#### [DATASET ENTRIES]
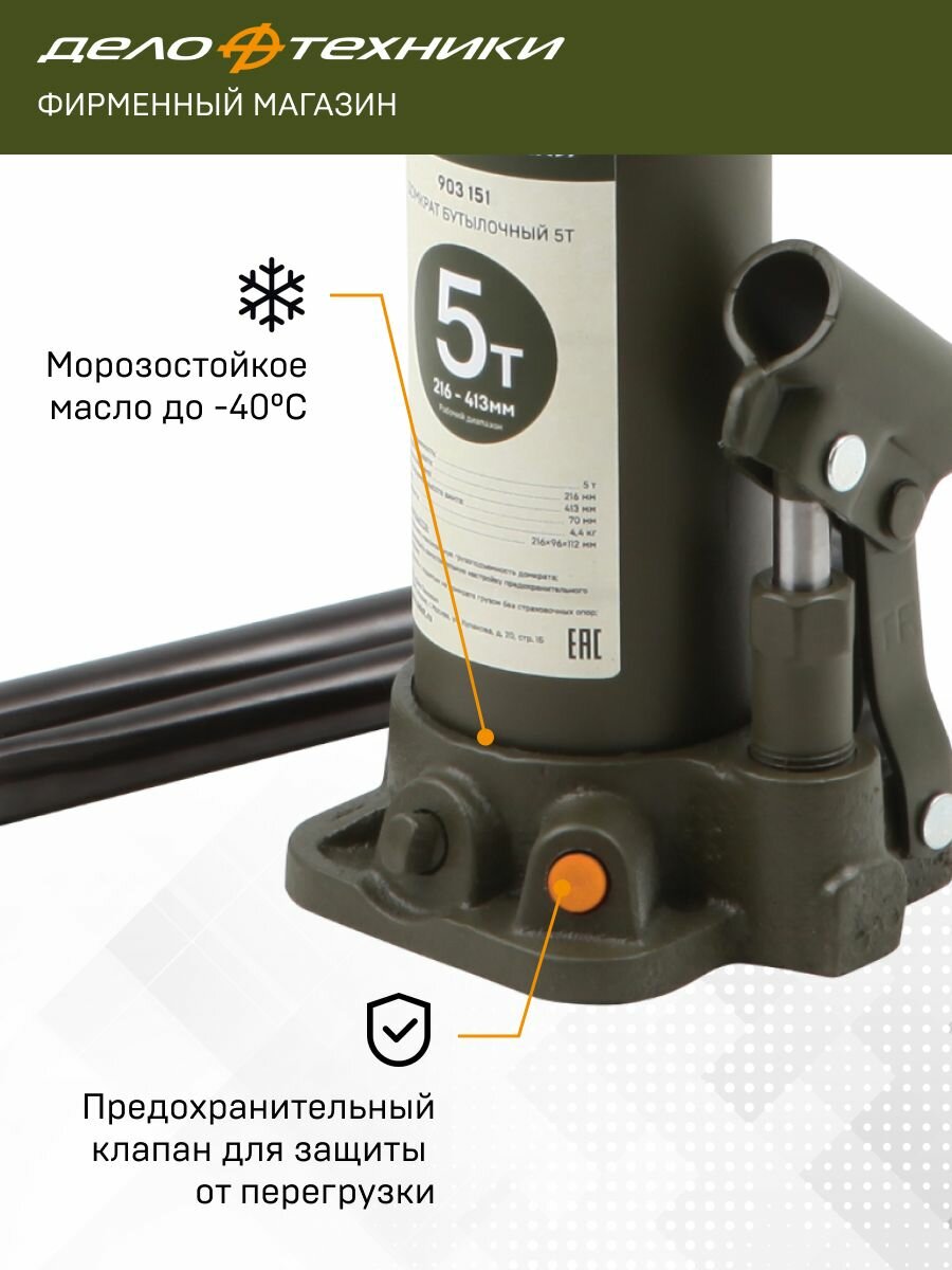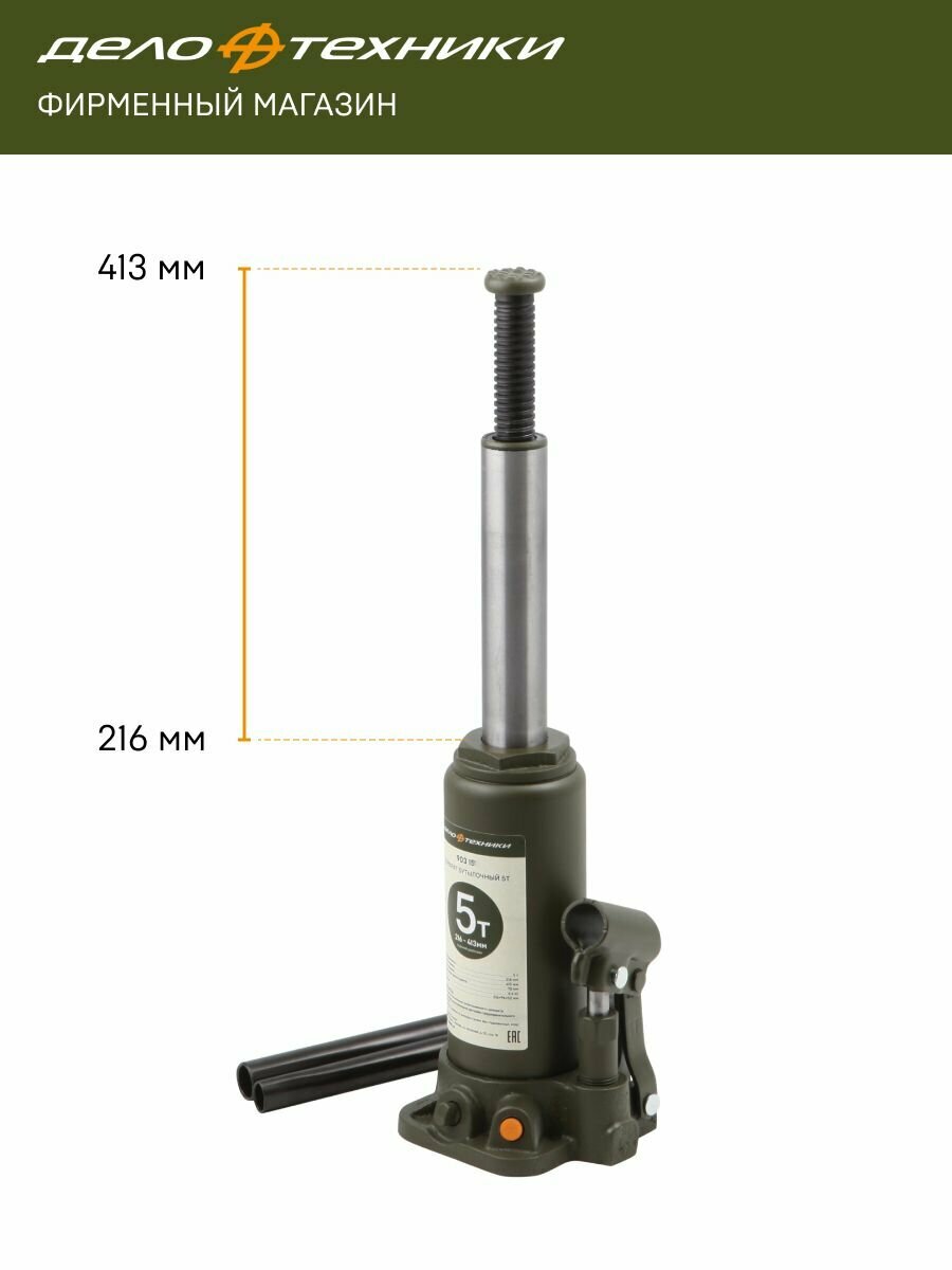 Домкрат Дело Техники гидравлический бутылочный 5 тонн, 216 — 413мм, в кейсе, 903151: сравнение цен, характеристики, фото, актуальное наличие и цены.
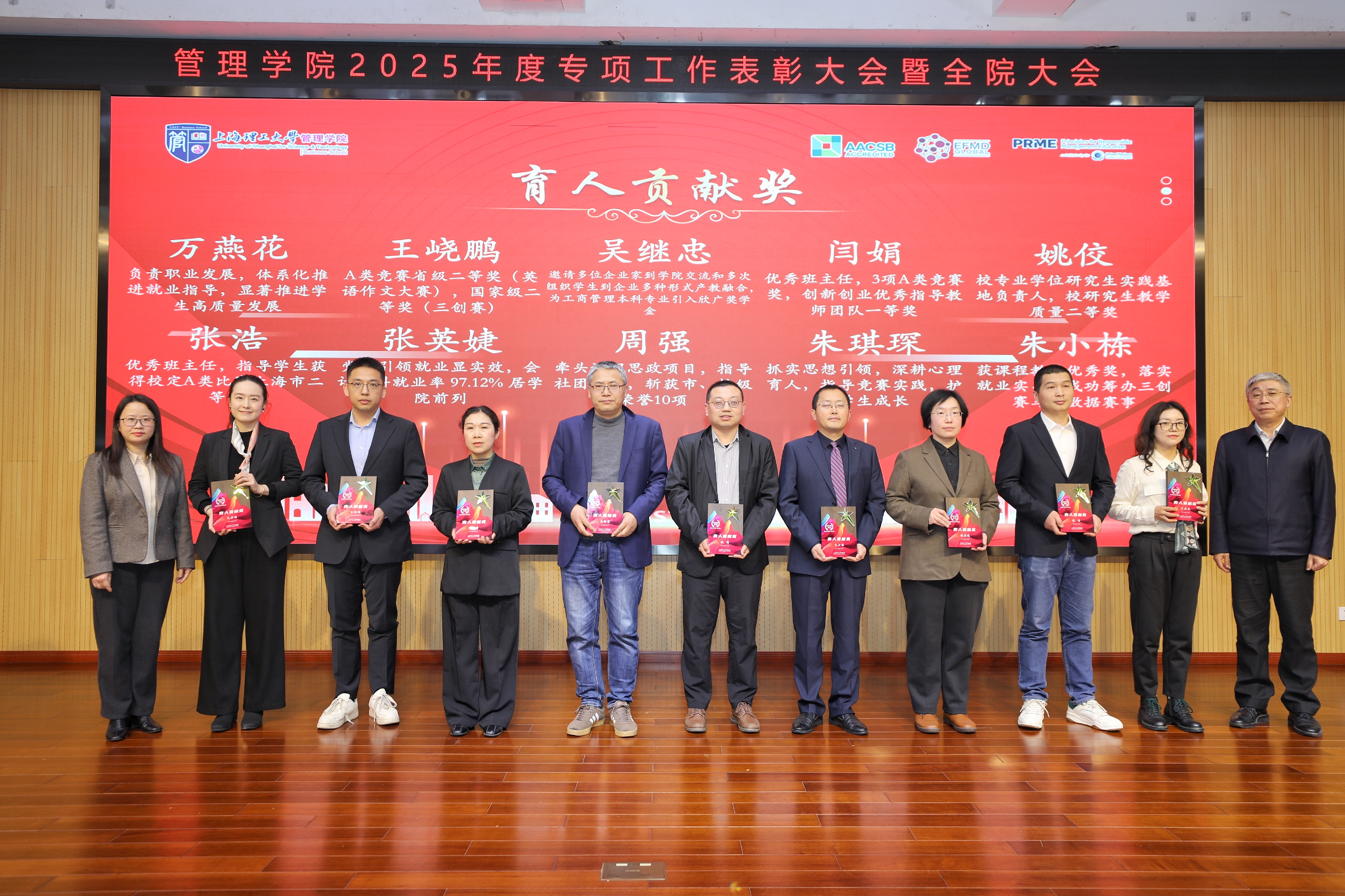 为表彰过去一年中在学院教学、科研、育人、文化、服务等专项工作中表现优秀的教师,号召全院教师向先进学习,促进学院发展再上新台阶,颁发了“教学贡献奖”20项、“科研贡献奖”30项、“育人贡献奖”20项、“服务贡献奖”5项、“文化贡献奖”5项。颁奖仪式由系统科学系青年教师孙颖主持。
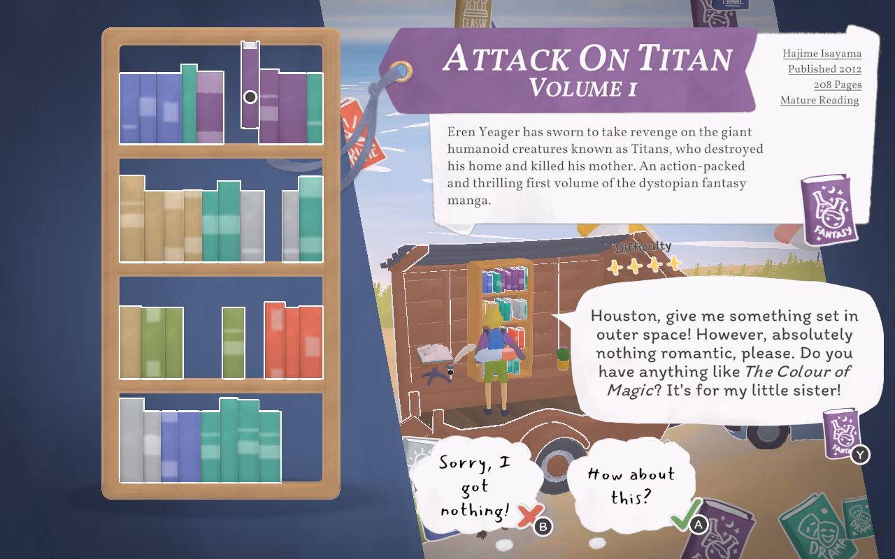 What makes the experience pop (aside from the cozy, lo-fi visuals) is seeing all these references to real-life books from all over, because the game contains mostly real-life books for you to buy and sell about, and that actual readers, or even non-readers like me would instantly recognize. I have never read a full book, especially story ones, but I do know my own share of literatures, probably due to the fact that most of them gets adapted anyways to other forms of media. Books such as Dune, The Lord of the Rings, or even Manga like Attack on Titan.
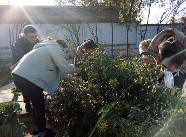 志愿者早早地就集结了队伍,准备乘车前往康复中心。刚到康复中心,志愿者们就受到了康复中心人员的热情欢迎。在领队给队员们说明了任务分配和注意事项工作后,大家都摩拳擦掌,认真投入到自己的工作中去,尽管工作单调辛苦,但丝毫没有懈怠。物品柜、门窗、以及房间角落,都被志愿者们仔细打扫,并且“地毯式”的把地拖了一遍。卧室,杂物间,器材室等房间在志愿者的手下,重新变得干净整洁。整个过程大家都放轻脚步,尽量不会耽误孩子们的正常学习生活。康复中心领导指导志愿者们去菜园给孩子们摘些红辣椒,经过半个多小时的采摘,大家收获颇丰。志愿服务结束后,志愿者们挥手跟康复中心告别。虽然志愿者们离开了,但是他们把对孩子们的美好祝福留在了这里,同样也留在了他们的心里。
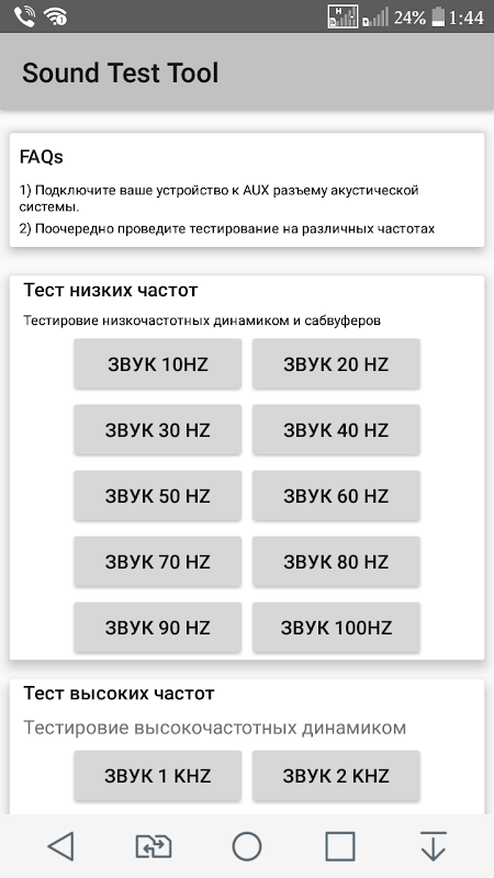 the program of testing of acoustic systems.(speakers, tweeters, subwoofers ...)
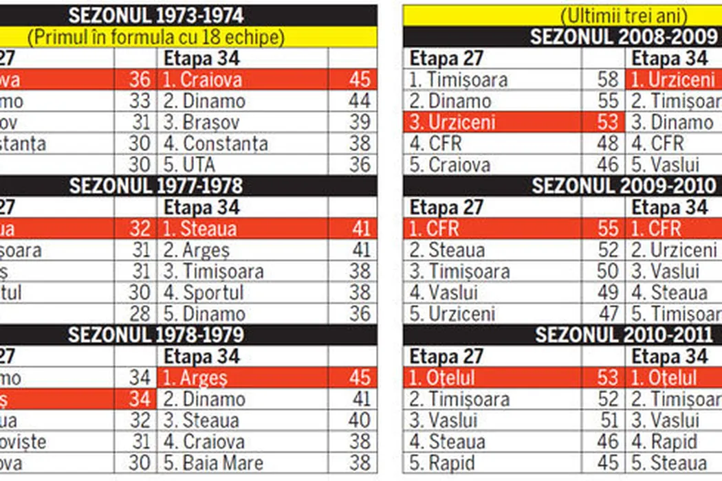 Cel mai strâns sezon din istorie!** Dinamo, CFR, Rapid, Vaslui și Steaua se află într-o situație UNICĂ‚: sunt despărțite de echivalentul unei singure victorii
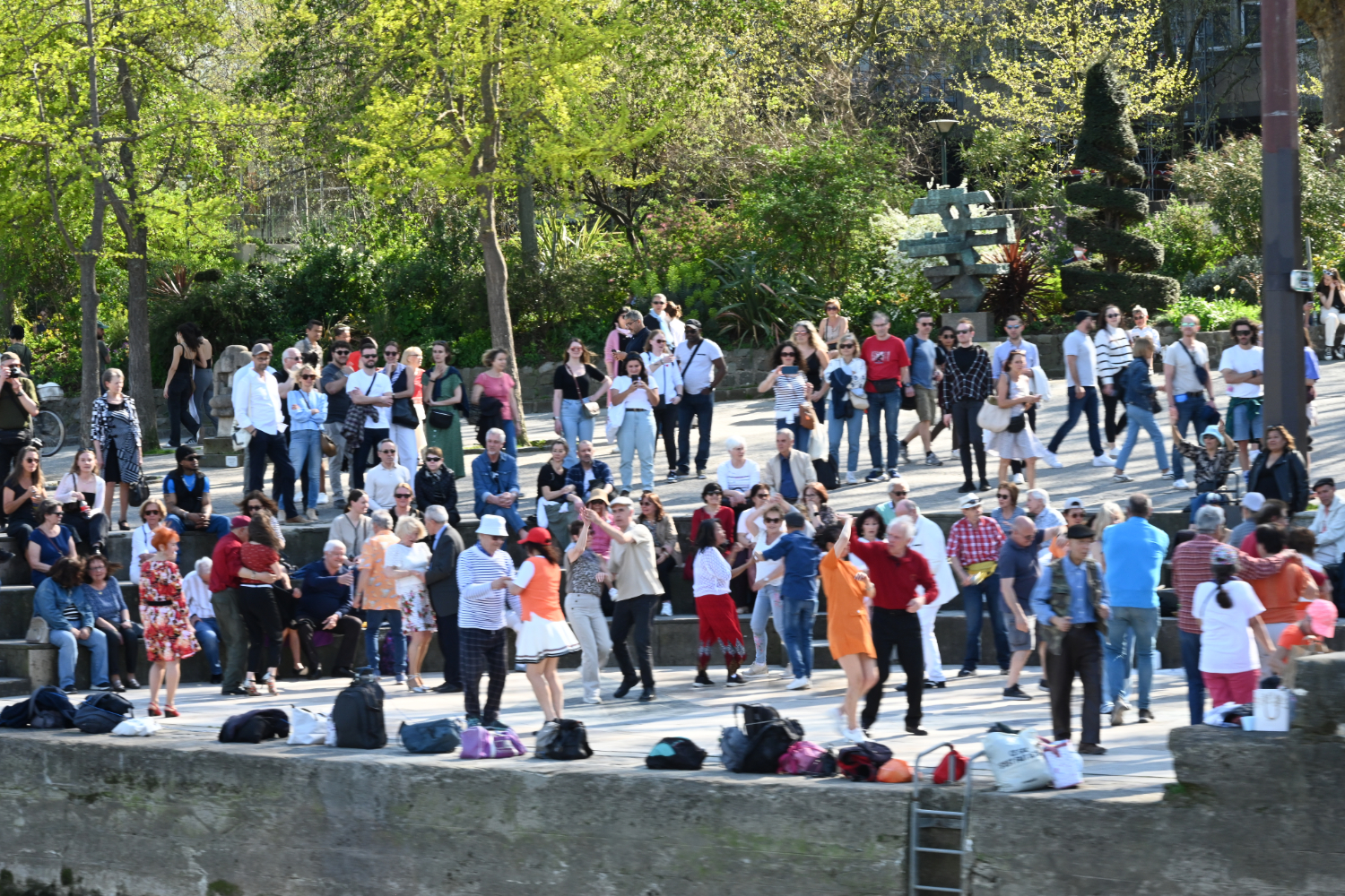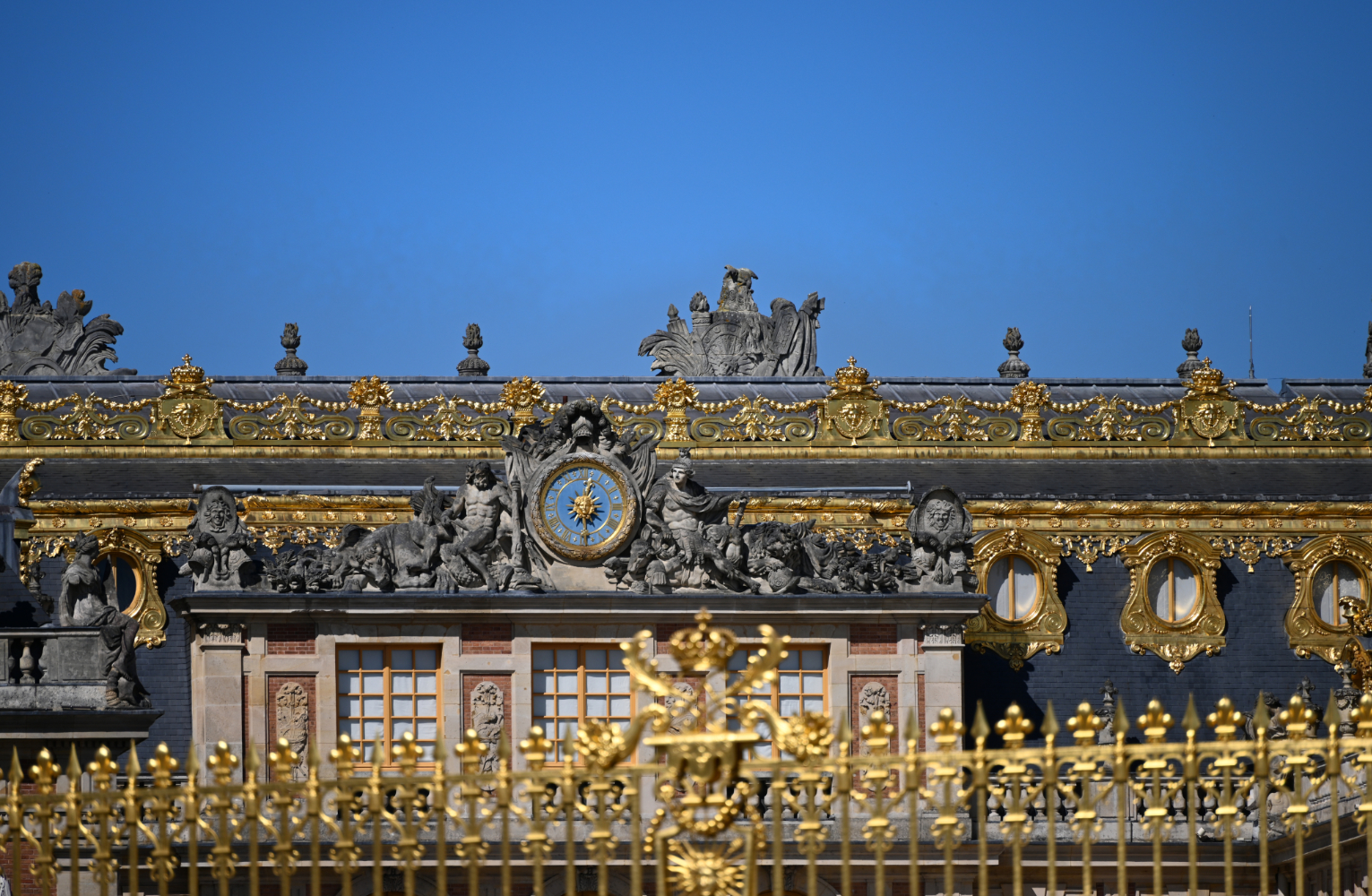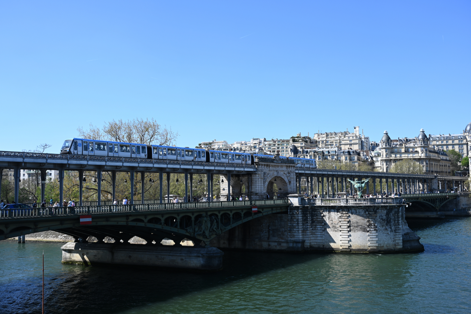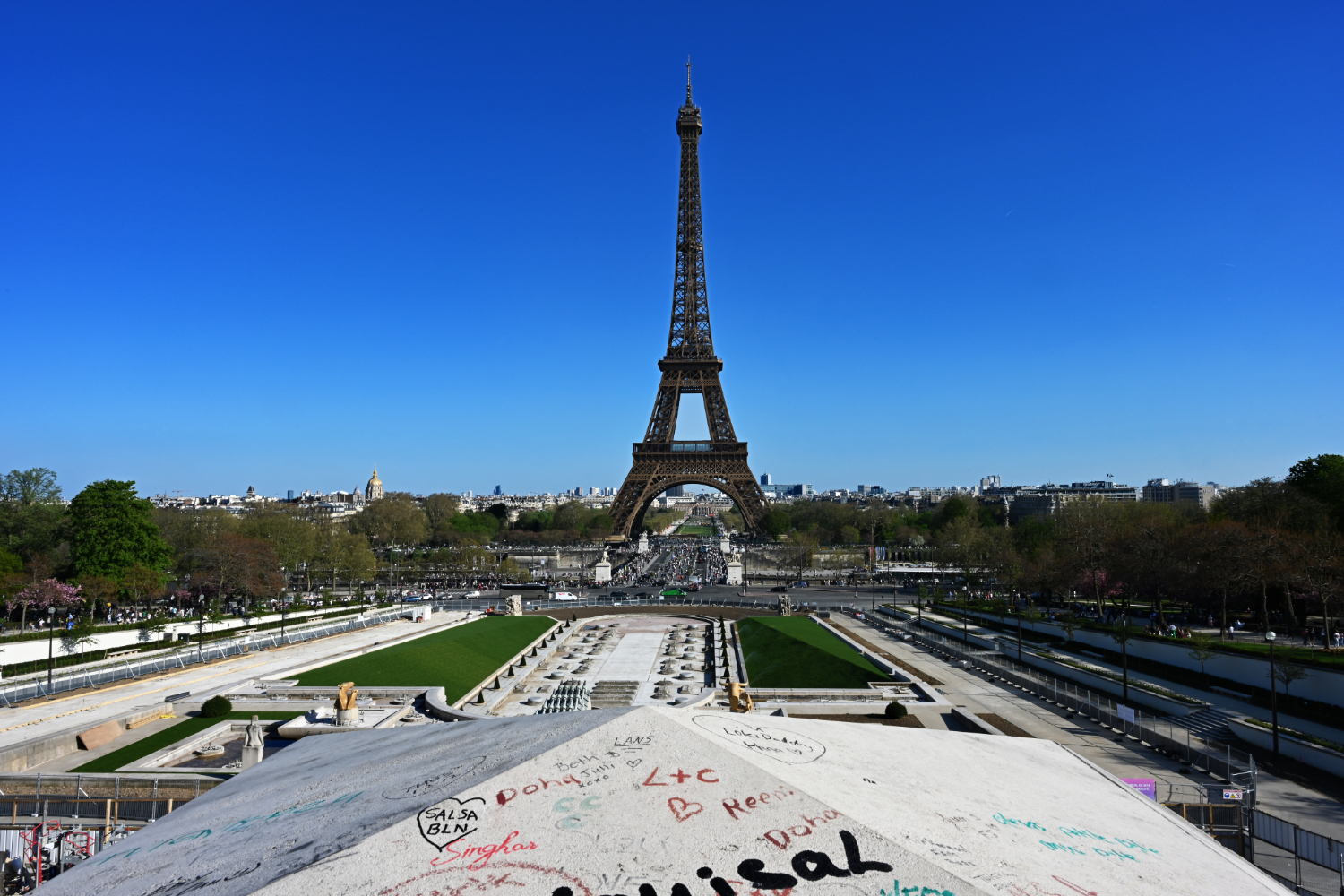 Am nächsten Morgen gab es ein französisches Frühstück und danach machten wir uns auf den Weg zum Schloss Versailles. Wir hatten unsere Tickets im Voraus gebucht, aber viele, viele andere Touristen hatten die gleiche Idee. Es war also extrem viel los und man wurde quasi durch die Ausstellungsräume geschoben. Das fand ich nicht ganz so prickelnd. Die Ausstellungsräume im unteren Geschoss haben allerdings viele ausgelassen, weil sie gleich in den Park gegangen sind. Dort war es dann wesentlich angenehmer. Danach sind auch wir in die Gartenanlage mit den Springbrunnen, wo sich die Menschenmassen dann relativ gut verlaufen haben. Wir hatten strahlend blauen Himmel und es war für Anfang April schon ziemlich warm. Was wir leider nicht wussten, war, dass die Brunnen nicht ständig in Betrieb sind. Und so standen wir dann bald vor ausgeschalteten Brunnen. Aber es war dann eh schon Zeit für das Mittagessen, für das wir uns einen Tisch in einer nahegelegenen Pizzeria reserviert hatten. Danach hatten wir Tickets für eine Bootsfahrt auf der Seine mit Waffelverkostung gebucht. Vorher haben wir aber noch von der Pont de Bir Hakeim aus Fotos vom Eiffelturm gemacht.

#### [ASSIGNED TASK]
Above are some entries. Restate word for word the lines from the one holding "为表彰过去一年中在学院教学、" through the one holding "Cel mai strâns", but not the pictures.

#### [ANSWER FOR THIS EXERCISE]
 为表彰过去一年中在学院教学、科研、育人、文化、服务等专项工作中表现优秀的教师,号召全院教师向先进学习,促进学院发展再上新台阶,颁发了“教学贡献奖”20项、“科研贡献奖”30项、“育人贡献奖”20项、“服务贡献奖”5项、“文化贡献奖”5项。颁奖仪式由系统科学系青年教师孙颖主持。
 What makes the experience pop (aside from the cozy, lo-fi visuals) is seeing all these references to real-life books from all over, because the game contains mostly real-life books for you to buy and sell about, and that actual readers, or even non-readers like me would instantly recognize. I have never read a full book, especially story ones, but I do know my own share of literatures, probably due to the fact that most of them gets adapted anyways to other forms of media. Books such as Dune, The Lord of the Rings, or even Manga like Attack on Titan.
 志愿者早早地就集结了队伍,准备乘车前往康复中心。刚到康复中心,志愿者们就受到了康复中心人员的热情欢迎。在领队给队员们说明了任务分配和注意事项工作后,大家都摩拳擦掌,认真投入到自己的工作中去,尽管工作单调辛苦,但丝毫没有懈怠。物品柜、门窗、以及房间角落,都被志愿者们仔细打扫,并且“地毯式”的把地拖了一遍。卧室,杂物间,器材室等房间在志愿者的手下,重新变得干净整洁。整个过程大家都放轻脚步,尽量不会耽误孩子们的正常学习生活。康复中心领导指导志愿者们去菜园给孩子们摘些红辣椒,经过半个多小时的采摘,大家收获颇丰。志愿服务结束后,志愿者们挥手跟康复中心告别。虽然志愿者们离开了,但是他们把对孩子们的美好祝福留在了这里,同样也留在了他们的心里。
 the program of testing of acoustic systems.(speakers, tweeters, subwoofers ...)
 Cel mai strâns sezon din istorie!** Dinamo, CFR, Rapid, Vaslui și Steaua se află într-o situație UNICĂ‚: sunt despărțite de echivalentul unei singure victorii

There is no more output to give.